Я пришел на мшистый склон возле берез, на котором семейками росли десятка три грибов. Они были насквозь проморожены и ломались под ножом, как стеклянные. Нож у меня для опят удобный. Длинный с источенным концом, обычный кухонный нож. Он куда лучше специальных грибных ножей, продающихся в магазине. Они часто теряются во время сбора, а этот крупный, его если и оставишь где, то и найти нетрудно. К тому же срезать опята, вешенки, зимний гриб — им тоже сподручнее. Все эти грибы часто лепятся на пеньках и коряжинах так, что вылезают на свет одни шляпки, а ножки крепятся далеко и коротким ножом их не достать.
Ну, с опятами на лужайке можно было обойтись любым ножом. Только тронешь застекленевшую грибную семейку, и она откалывается от грибницы. Остается очистить землю — и клади в корзину.
Здесь я не спешил, хотя грибы попадались редко. Не терпящее суеты место. Оно было именно таким, каким я представил его себе утром, только вот иней я не учел, а он, растаяв на нижних ветвях лиственниц, украсил их ажурное золото бисерным шитьем.

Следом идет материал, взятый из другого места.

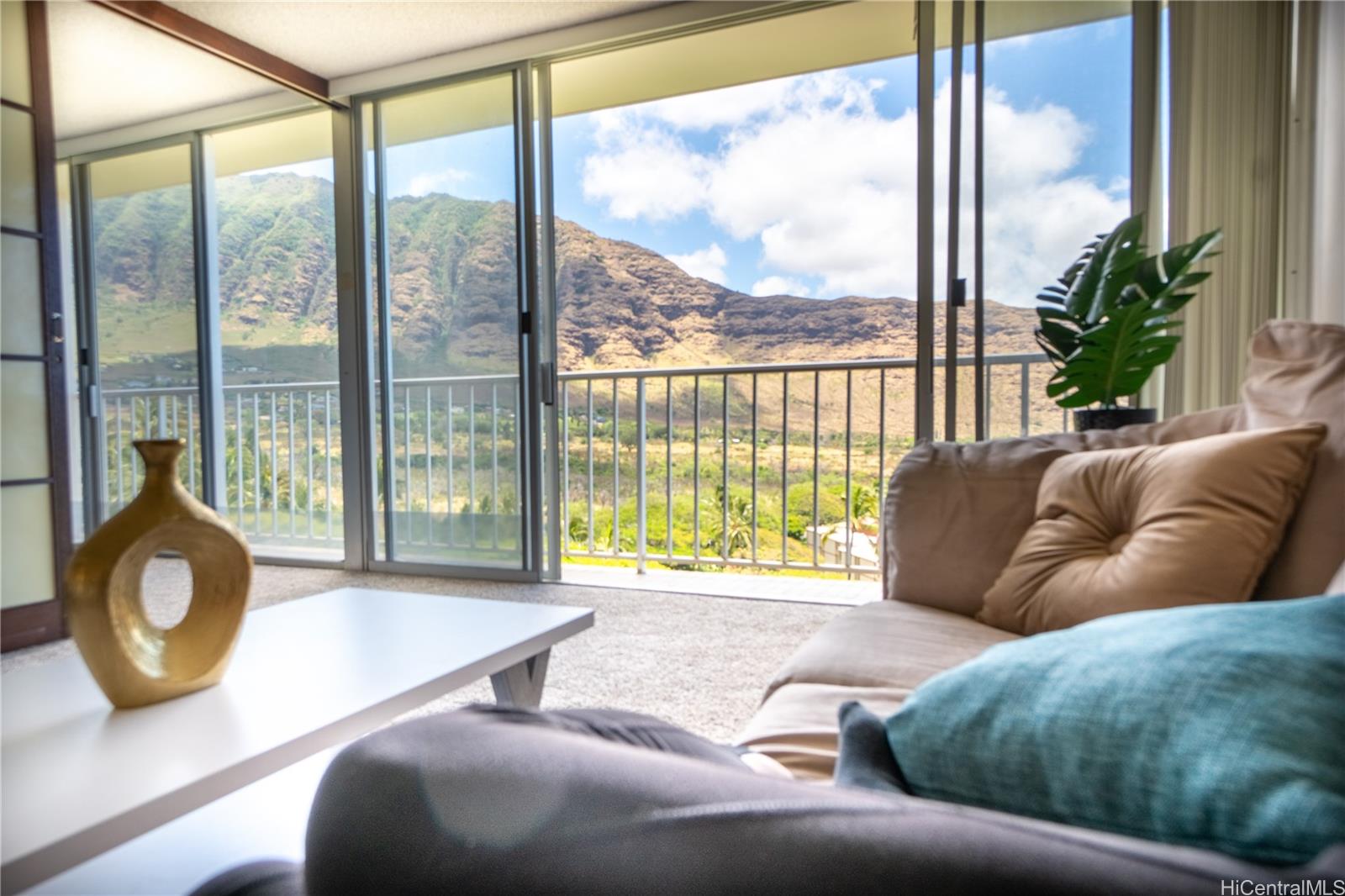 Awesome view of the valley, mountain and coastline from the living room and master bedroom is the best feature for this unit. Relax and watch a spectacular sunset from this, secure gated community with 24 hours security. Walking distance to the bus stop and the beautiful Makaha beach. Full renovations include cabinetry, flooring, bath and kitchen with all new appliances. Maintenance fee includes electric, water, sewer, and basic cable. The Association offers BBQ area and pool.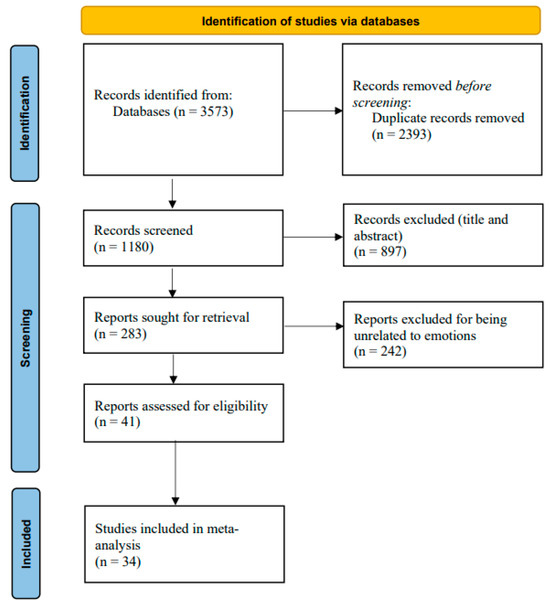 This study followed the PRISMA protocol for systematic reviews and meta-analysis (Page et al., 2021). A systematic literature search was conducted on 30 July 2024 across multiple databases, including Web of Science, EBSCO, ScienceDirect, Google Scholar, Scopus, CNKI, VIP, and Wanfang Data. The study searched articles published in the aforementioned databases from 2010 onwards (Umphress et al., 2010, first introduced the concept of UPB in 2010), using the keywords “unethical pro-organizational behavior” and “pro-organizational unethical behavior” for the English databases, using the keywords “亲组织不道德行为” and “亲组织非伦理行为” (both of these two Chinese keywords refer to unethical pro-organizational behavior) for the Chinese databases. The screening process was conducted by two master’s students majoring in psychology. Both students had systematically studied the knowledge related to meta-analysis, literature searches, and coding, and both possessed the relevant professional expertise. The two individuals independently searched the databases and then combined the search results. The initial search yielded 3573 results, which were reduced to 1180 articles after removing duplicates. Based on the following criteria, (1) publication in SSCI or CSSCI journals; (2) quantitative research design; (3) inclusion of UPB as a core variable, we identified 283 relevant studies through screening titles and abstracts. Further full-text review resulted in the selection of 41 articles focusing on UPB and emotions as core variables. However, a few studies on emotions and UPB were excluded, mainly due to insufficient independent sample sets. For instance, Hao et al. (2023) explored the relationship between depression and UPB, but the research on their relationship only had this one independent sample set, making it impossible to conduct a comprehensive effect estimation, and thus was excluded. Ultimately, 34 eligible studies were included in the meta-analysis. Details of this process follow the PRISMA protocol as outlined in Figure 2.

В эту пору в наших хвойных посадках не бывает грибов (почти не бывает), но в лиственницы меня потянул и этот торжественный блеск, и головокружительный запах хвои, и так оттеняющий тишину шорох клестов, терзающих шишки. Как не войти! Подстилка под лиственницами — невиданный, сотканный из той же золотой хвои ковер. Он пружинит под ногами и при каждом шаге ощущаешь сквозь резиновый сапог запорошенную мягкими иглами упругую шишку. Чисто здесь, как в святом месте. Будь я язычником или верующим вообще — вот здесь, в таком бы месте я и молился. Да и было в голове что-то похожее на молитву. Благодарность, что ли, за данный человеку дар творить и созидать. Ведь это место с нисходящими к речке лужками, двумя прямоугольниками березняков, посадками сосны и лиственницы, спорящими друг с другом цветом, как свет и тень, это ведь наполовину рукотворная красота, и вышла она из содружества человека и природы. От природы здесь тоже много — старые и покореженные, но прекрасные солнечными водопадами крон березы, стройные вереницы ольхи с червленой зеленью прихваченной морозом листвы и буйно заросшие кленами, дубками, молодой осиновой порослью склоны шиханов на том берегу. В одном месте они обрываются над самой рекой розовато-красным песчаником. И странно, что человек приложил здесь руку только из соображений пользы. Придет час, и он снова сведет на пеньки все эти живые, трепещущие творенья. Но как сделать, чтобы созидание все-таки всегда было во главе угла. Ведь больно глазам видеть, как мелеет она, родная, наделившая нас по мере угасающих своих сил жизнелюбием и пониманием красоты. Да что молиться, есть и силы, и понимание, но не тем занят сейчас человек, и не это главное. И коли ты понимаешь, то ищи поздней весной годовалые дубки — сростки, переноси их на светлое место, в родной чаще они все равно погибнут. А как интересно в середине лета прорастает крохотной лиственницей уцелевшая от птичьих пиршеств шишка, вот и ее надо попробовать посадить. Много ли ты сделаешь, мало ли, об этом не стоит задумываться.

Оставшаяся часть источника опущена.